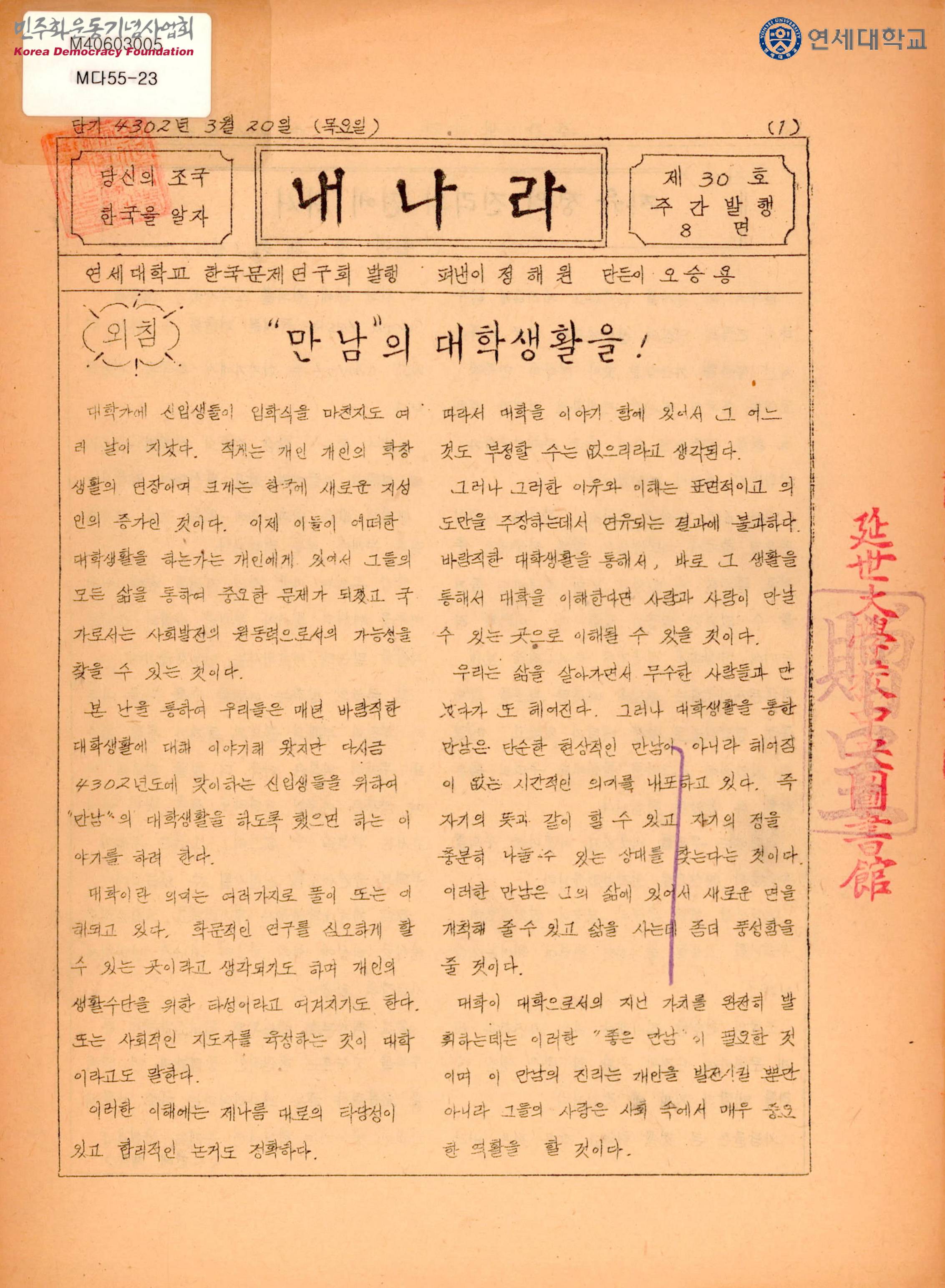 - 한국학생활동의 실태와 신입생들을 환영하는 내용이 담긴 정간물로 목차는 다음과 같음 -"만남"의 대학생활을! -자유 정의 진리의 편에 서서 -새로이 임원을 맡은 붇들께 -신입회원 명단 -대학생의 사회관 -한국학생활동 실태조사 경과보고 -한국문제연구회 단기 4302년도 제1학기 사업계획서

...

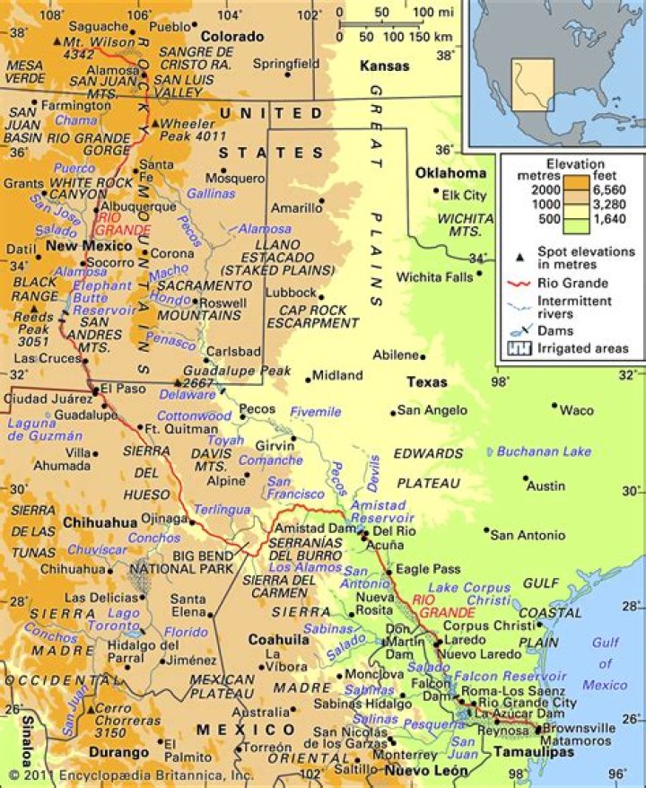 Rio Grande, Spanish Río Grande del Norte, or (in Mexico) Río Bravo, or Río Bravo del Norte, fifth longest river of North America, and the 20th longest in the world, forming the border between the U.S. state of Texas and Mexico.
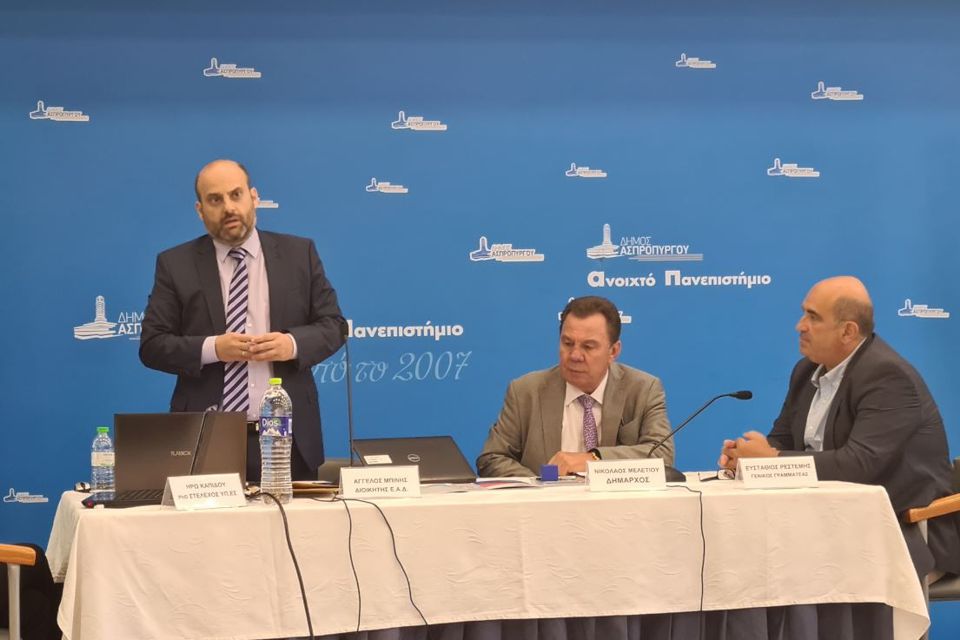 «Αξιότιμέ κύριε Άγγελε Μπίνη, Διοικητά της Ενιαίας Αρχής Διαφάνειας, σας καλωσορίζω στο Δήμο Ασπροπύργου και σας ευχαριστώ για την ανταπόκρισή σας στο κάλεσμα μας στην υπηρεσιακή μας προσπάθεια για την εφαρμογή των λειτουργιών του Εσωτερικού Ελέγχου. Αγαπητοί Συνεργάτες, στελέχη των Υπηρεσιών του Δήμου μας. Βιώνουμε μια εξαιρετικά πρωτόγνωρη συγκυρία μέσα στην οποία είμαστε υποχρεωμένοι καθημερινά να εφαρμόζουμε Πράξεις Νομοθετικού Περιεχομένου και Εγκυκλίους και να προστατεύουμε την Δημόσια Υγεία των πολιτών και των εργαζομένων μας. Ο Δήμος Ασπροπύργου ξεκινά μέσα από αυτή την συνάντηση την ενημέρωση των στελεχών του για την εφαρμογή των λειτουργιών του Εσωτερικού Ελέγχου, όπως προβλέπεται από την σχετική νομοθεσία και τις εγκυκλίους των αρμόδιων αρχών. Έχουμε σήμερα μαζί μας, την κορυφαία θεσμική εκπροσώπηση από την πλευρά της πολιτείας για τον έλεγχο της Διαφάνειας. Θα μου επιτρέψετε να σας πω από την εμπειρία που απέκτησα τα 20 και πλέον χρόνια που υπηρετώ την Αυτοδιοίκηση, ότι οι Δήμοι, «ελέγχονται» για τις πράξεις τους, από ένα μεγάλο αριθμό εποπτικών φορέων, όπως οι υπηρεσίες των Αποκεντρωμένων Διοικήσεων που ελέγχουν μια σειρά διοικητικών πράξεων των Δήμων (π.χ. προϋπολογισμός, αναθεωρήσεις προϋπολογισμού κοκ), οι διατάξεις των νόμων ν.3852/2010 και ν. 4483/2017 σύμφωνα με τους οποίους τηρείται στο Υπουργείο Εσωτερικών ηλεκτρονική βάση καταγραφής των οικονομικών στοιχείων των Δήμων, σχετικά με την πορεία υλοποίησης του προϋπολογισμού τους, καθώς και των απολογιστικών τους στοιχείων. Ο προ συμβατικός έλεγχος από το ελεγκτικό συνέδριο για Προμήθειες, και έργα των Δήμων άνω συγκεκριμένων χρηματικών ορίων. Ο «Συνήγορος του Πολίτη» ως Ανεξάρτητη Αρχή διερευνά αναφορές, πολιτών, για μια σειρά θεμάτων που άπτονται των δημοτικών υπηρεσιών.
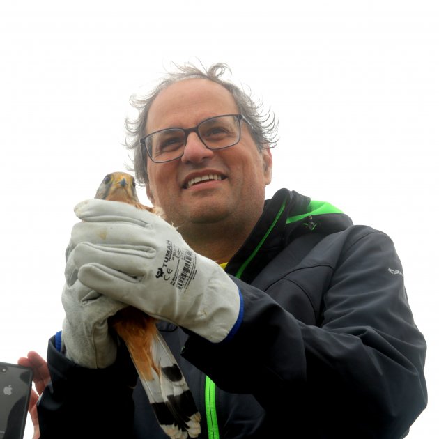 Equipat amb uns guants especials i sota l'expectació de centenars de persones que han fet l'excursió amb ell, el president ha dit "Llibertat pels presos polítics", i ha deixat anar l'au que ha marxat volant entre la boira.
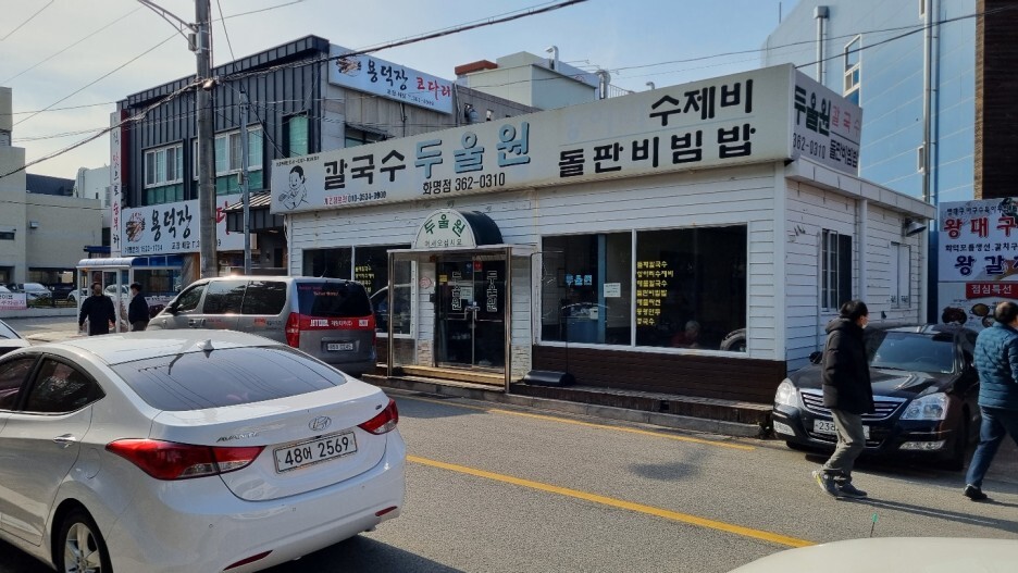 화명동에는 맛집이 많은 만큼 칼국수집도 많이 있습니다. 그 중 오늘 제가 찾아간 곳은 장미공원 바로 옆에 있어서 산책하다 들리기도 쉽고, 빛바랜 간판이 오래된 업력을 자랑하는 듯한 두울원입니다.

==

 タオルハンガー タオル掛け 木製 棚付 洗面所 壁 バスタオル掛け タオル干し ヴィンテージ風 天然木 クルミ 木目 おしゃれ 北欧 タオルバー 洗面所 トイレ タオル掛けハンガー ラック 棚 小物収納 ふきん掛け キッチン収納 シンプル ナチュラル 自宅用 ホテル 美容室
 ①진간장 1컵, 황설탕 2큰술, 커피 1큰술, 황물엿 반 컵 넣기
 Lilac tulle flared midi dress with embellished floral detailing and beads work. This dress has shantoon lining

YOUR OBJECTIVE
Of the entries above, repeat exactly the lines between the line with "タオルハンガー タオル掛け 木製" and the line with "Lilac tulle flared", inclusive, and no others.

EXERCISE RESULT
 タオルハンガー タオル掛け 木製 棚付 洗面所 壁 バスタオル掛け タオル干し ヴィンテージ風 天然木 クルミ 木目 おしゃれ 北欧 タオルバー 洗面所 トイレ タオル掛けハンガー ラック 棚 小物収納 ふきん掛け キッチン収納 シンプル ナチュラル 自宅用 ホテル 美容室
 ①진간장 1컵, 황설탕 2큰술, 커피 1큰술, 황물엿 반 컵 넣기
 Lilac tulle flared midi dress with embellished floral detailing and beads work. This dress has shantoon lining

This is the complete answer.